Devotions on John 9:1-41–Jesus Heals a Man Born Blind
February 5-11, 2018
Monday, February 5, 2018–Jesus Heals a Man Born Blind
“Neither this man nor his parents sinned; he was born blind so that God’s works might be revealed in him’” (John 9:3).
Henry was at a difficult point in his life—a crossroads of sorts. The decisions that he faced were forcing him to reevaluate the priorities of his life. He also found himself asking the question, “Why?” “Why did his heart beat and he take up space on the earth?” “Why was he given the talents, desires and ambitions that he had?” We all come to this point in our lives at one time or another.
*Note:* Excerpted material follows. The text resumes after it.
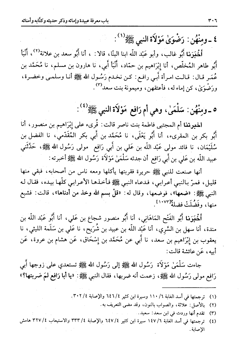 4 - ومنهن رضوى مولاة النبي (صلى الله عليه وسلم) (1) أخبرنا أبو غالب وأبو عبد الله ابنا البنا قالا أنا أبو سعد بن علانة (2) أنبأ أبو طاهر المخلص أنا إبراهيم بن حماد أنبأنا أبي نا هارون بن مسلم نا محمد بن عمر قال قالت امرأة أبي رافع كن نخدم رسول الله (صلى الله عليه وسلم) أنا وسلمى وخضرة ورضوى كن إماء له فأعتقهن وميمونة بنت سعد (3)

It was commonly believed, during the time of Jesus, that bad things happened to bad people and good things happened to go people. In his conversation with his disciples, Jesus wanted to dispel this view of life. He provided a more profound insight into human life to replace it. Jesus informed his disciples (and the readers of this gospel) that the man’s situation in life happened so that God’s works might be revealed in him. Is this not true for all of us? We live today so that God’s works—God’s love and grace—might be revealed not only to us, but to everyone around us.
Shine, Jesus, shine so that all can see! Amen.
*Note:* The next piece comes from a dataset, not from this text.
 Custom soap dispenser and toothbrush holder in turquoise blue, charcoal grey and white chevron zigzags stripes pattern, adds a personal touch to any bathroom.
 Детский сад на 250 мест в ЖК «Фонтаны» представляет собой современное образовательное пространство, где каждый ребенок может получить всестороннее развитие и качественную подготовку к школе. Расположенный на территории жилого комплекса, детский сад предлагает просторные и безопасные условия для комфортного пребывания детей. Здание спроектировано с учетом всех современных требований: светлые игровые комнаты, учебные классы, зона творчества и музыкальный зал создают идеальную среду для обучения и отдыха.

Tuesday, February 6, 2018–Jesus Heals a Man Born Blind
“As long as I am in the world I am the light of the world” (John 9:5).
Jesus certainly was the light as he lived among us. With the light of his love, he showed us the value of caring for others, the injustice of marginalizing people, the fallacy of judging groups of people and the emptiness of religious ritual. As the light of the world, Jesus showed us who we are and what God created us to be.
As followers of Jesus, our lights may not be as bright as Jesus’, but they still shine and pierce the darkness that surround us. Our words can bring light and life. Our actions can offer comfort, strength, hope and encouragement. Wherever we go and whatever we say and do light shines and weakens the power of the darkness around us. It is night and we wait for the bright light of the sun. Yet, as stars, we shine as brightly as we can and together we make a beautiful night sky.
Shine through us, Lord, so that our words and deeds may pierce the darkness that surrounds us and bring life and hope to all whom we encounter. Amen.
Wednesday, February 7, 2018–Jesus Heals a Man Born Blind
“Then he went and washed and came back able to see” (John 9:7).
Lamar dumped the contents out from the box marked, “Some assembly required.” Ripping open the envelope that contained a bunch of screws, he began to attach parts to other parts—purposely ignoring the crumpled instruction sheet that was included in the box. Soon he was at an impasse. He couldn’t put anything else together, but he was far from finishing the project. With a sigh, Lamar turned to the instruction sheet and began to read it.
The blind man might have thought that Jesus’ instructions to go and wash in the Pool of Siloam were odd—perhaps even ridiculous, but he obeyed. When he returned, he could see. We do not need to be bound to the law to realize that it provides us with a good set of life guidelines. It is more fulfilling serving others than stealing and using all of our energy for our own benefit. Forgiveness is freeing and immensely better than the feeling of revenge or the regrets of gossip. Contentment and thankfulness enrich life and remove the rancor of envy and coveting. It is worth exploring obedience as a path toward freedom and new life.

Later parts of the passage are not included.